_TRY IT_: Would you please return only the lines from the one with "Le fonctionnement du" through the last line of the records below, leaving the pictures out?
Start of LISTED RECORDS
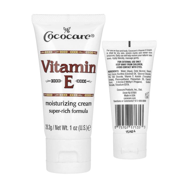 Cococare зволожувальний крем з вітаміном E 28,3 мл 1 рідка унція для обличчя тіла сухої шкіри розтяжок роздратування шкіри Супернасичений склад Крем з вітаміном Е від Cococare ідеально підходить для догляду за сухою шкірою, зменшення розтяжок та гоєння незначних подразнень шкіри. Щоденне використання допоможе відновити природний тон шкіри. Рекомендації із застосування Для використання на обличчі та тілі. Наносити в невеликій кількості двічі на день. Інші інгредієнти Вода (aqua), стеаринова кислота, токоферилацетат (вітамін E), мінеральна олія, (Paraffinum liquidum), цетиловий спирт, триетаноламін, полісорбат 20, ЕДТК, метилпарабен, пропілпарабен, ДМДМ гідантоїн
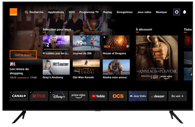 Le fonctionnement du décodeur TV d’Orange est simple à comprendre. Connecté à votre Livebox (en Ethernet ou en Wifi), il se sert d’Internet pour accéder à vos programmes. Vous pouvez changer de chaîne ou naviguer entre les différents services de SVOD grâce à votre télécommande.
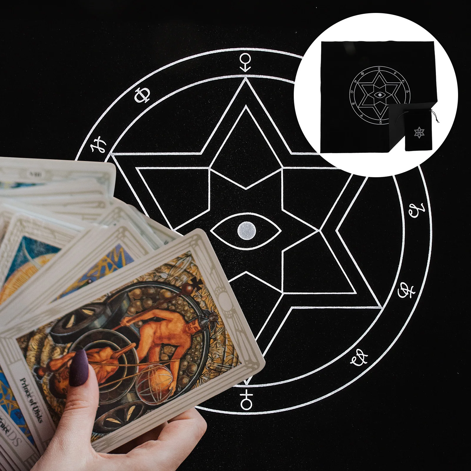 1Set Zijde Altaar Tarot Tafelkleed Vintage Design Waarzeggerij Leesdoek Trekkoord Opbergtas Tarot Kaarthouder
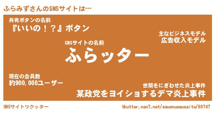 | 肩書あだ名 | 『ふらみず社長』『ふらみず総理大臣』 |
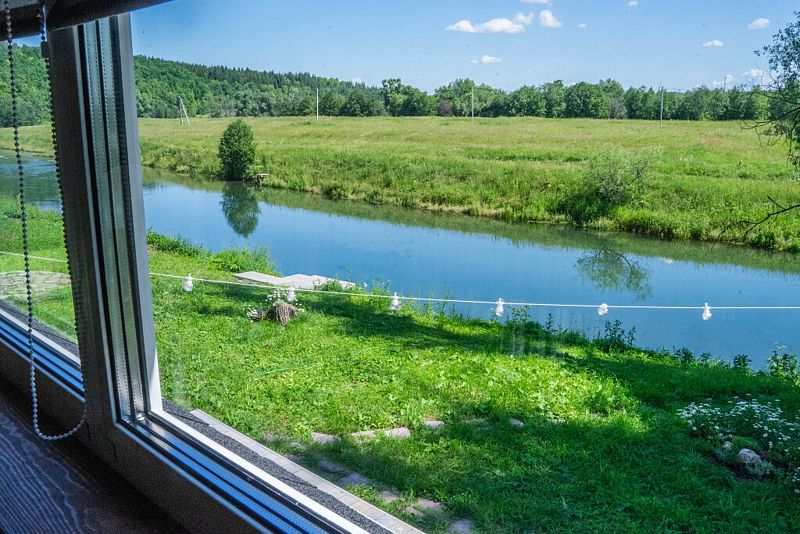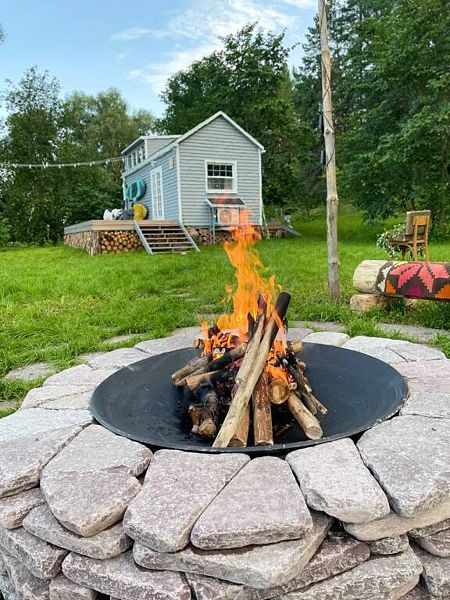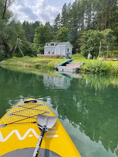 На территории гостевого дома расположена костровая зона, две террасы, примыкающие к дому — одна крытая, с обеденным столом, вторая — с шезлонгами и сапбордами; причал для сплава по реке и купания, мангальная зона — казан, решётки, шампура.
End of LISTED RECORDS
_SOLUTION FOR THIS PROBLEM_:
 Le fonctionnement du décodeur TV d’Orange est simple à comprendre. Connecté à votre Livebox (en Ethernet ou en Wifi), il se sert d’Internet pour accéder à vos programmes. Vous pouvez changer de chaîne ou naviguer entre les différents services de SVOD grâce à votre télécommande.
 1Set Zijde Altaar Tarot Tafelkleed Vintage Design Waarzeggerij Leesdoek Trekkoord Opbergtas Tarot Kaarthouder
 | 肩書あだ名 | 『ふらみず社長』『ふらみず総理大臣』 |
 На территории гостевого дома расположена костровая зона, две террасы, примыкающие к дому — одна крытая, с обеденным столом, вторая — с шезлонгами и сапбордами; причал для сплава по реке и купания, мангальная зона — казан, решётки, шампура.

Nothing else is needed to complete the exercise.